Yellen claims she didn’t ‘understand’ inflation threat

Treasury Secretary Janet Yellen testifies before the House Financial Services Committee in the Rayburn House Office Building on Capitol Hill on May 12, 2022 in Washington, DC. While Yellen was before the committee to talk about the Financial Stability Oversight Council's annual report, she was asked about the U.S. response to the Russian invasion of Ukraine and abortion. (Photo by Chip Somodevilla/Getty Images)
Treasury Secretary Janet Yellen testifies before the House Financial Services Committee in the Rayburn House Office Building on Capitol Hill on May 12, 2022 in Washington, DC. While Yellen was before the committee to talk about the Financial Stability Oversight Council's annual report, she was asked about the U.S. response to the Russian invasion of Ukraine and abortion. Photo credit (Photo by Chip Somodevilla/Getty Images)

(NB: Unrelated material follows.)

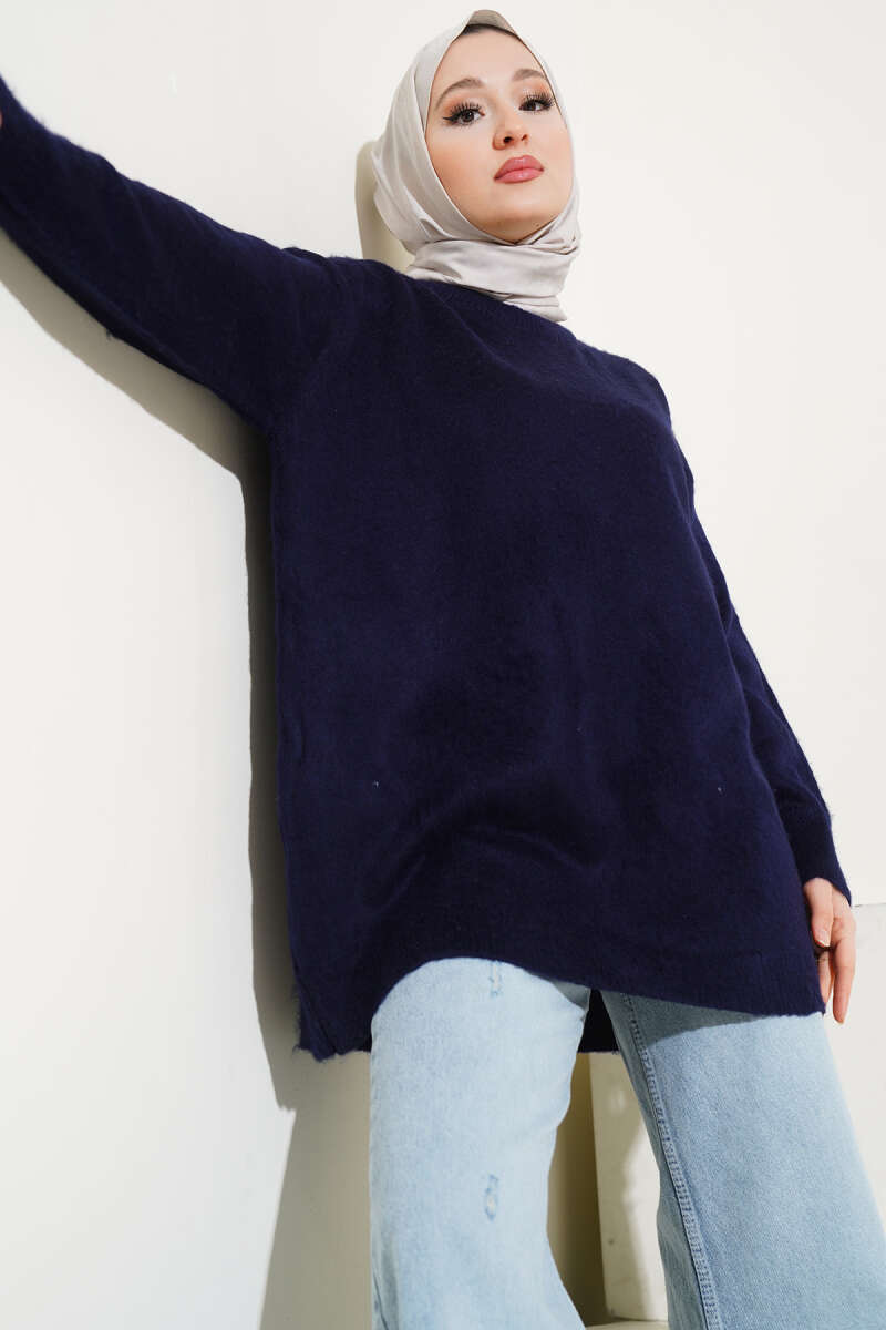 Bisiklet Yaka Düz Triko Tunik Lacivert

“There have been unanticipated and large shocks to the economy that have boosted energy and food prices and supply bottlenecks that have impacted our economy badly that at the time I didn’t fully understand,” said U.S. Treasury Secretary Janet Yellen this week regarding statements she made last year.

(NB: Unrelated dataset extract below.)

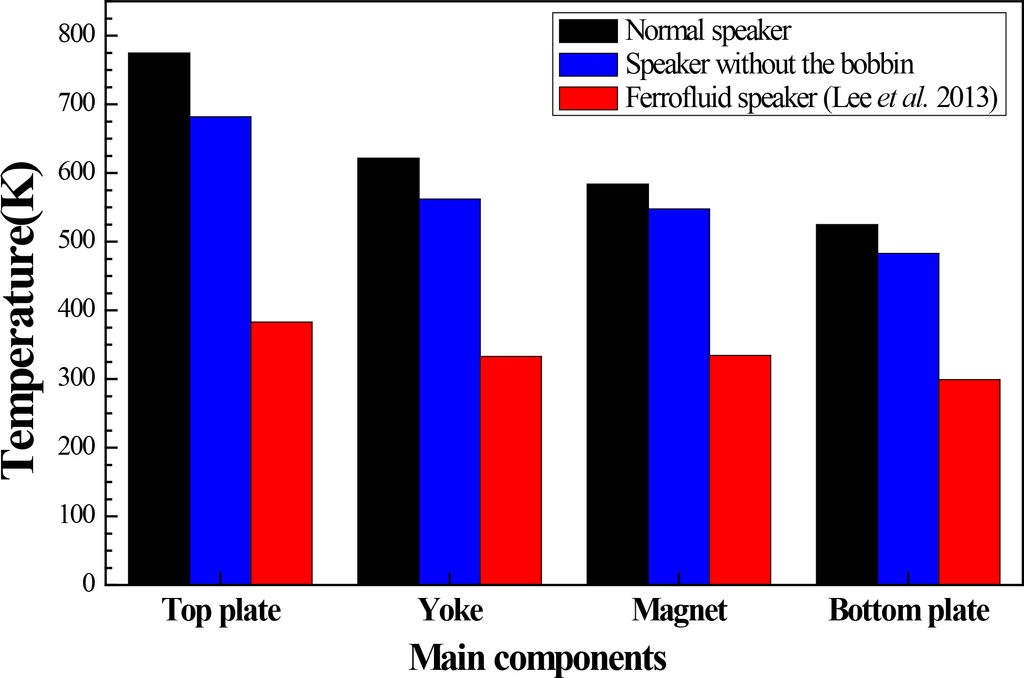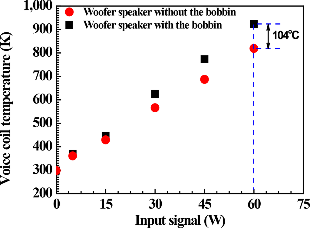 However, precise and concise studies on the temperature of heat transfer characteristics and on improvements for the performance of the woofer have been limited. Therefore, the objective of this study is to numerically investigate the characteristics and enhancement of the heat transfer of the voice coil for a woofer with and without bobbins using the thermal equivalent heat conduction models. In addition, due to the critical limitation of the maximum power of the woofers with the ohmic heat generated by the voice coils, the temperature characteristics of the voice coil for the tested woofer with and without a bobbin were observed while varying the input power.

Back then, she said there was a “small risk” of inflation and that she did not “anticipate that its going to be a problem.” Yet, over the 12-month period ending this April, the Consumer Price Index rose by 8.3% before seasonal adjustment.

Yellen told CNN’s Wolf Blitzer that she was “wrong then about um, the path that inflation, um, would take,” this year.

While supply chain issues related to the COVID-19 pandemic could have been expected in 2021, Russia’s invasion of Ukraine has also put pressure on the supply chain and world economy since it began in February. President Joe Biden announced Thursday new measures to make Russia a “global financial pariah,” with sanctions in an effort to put a stop to the invasion.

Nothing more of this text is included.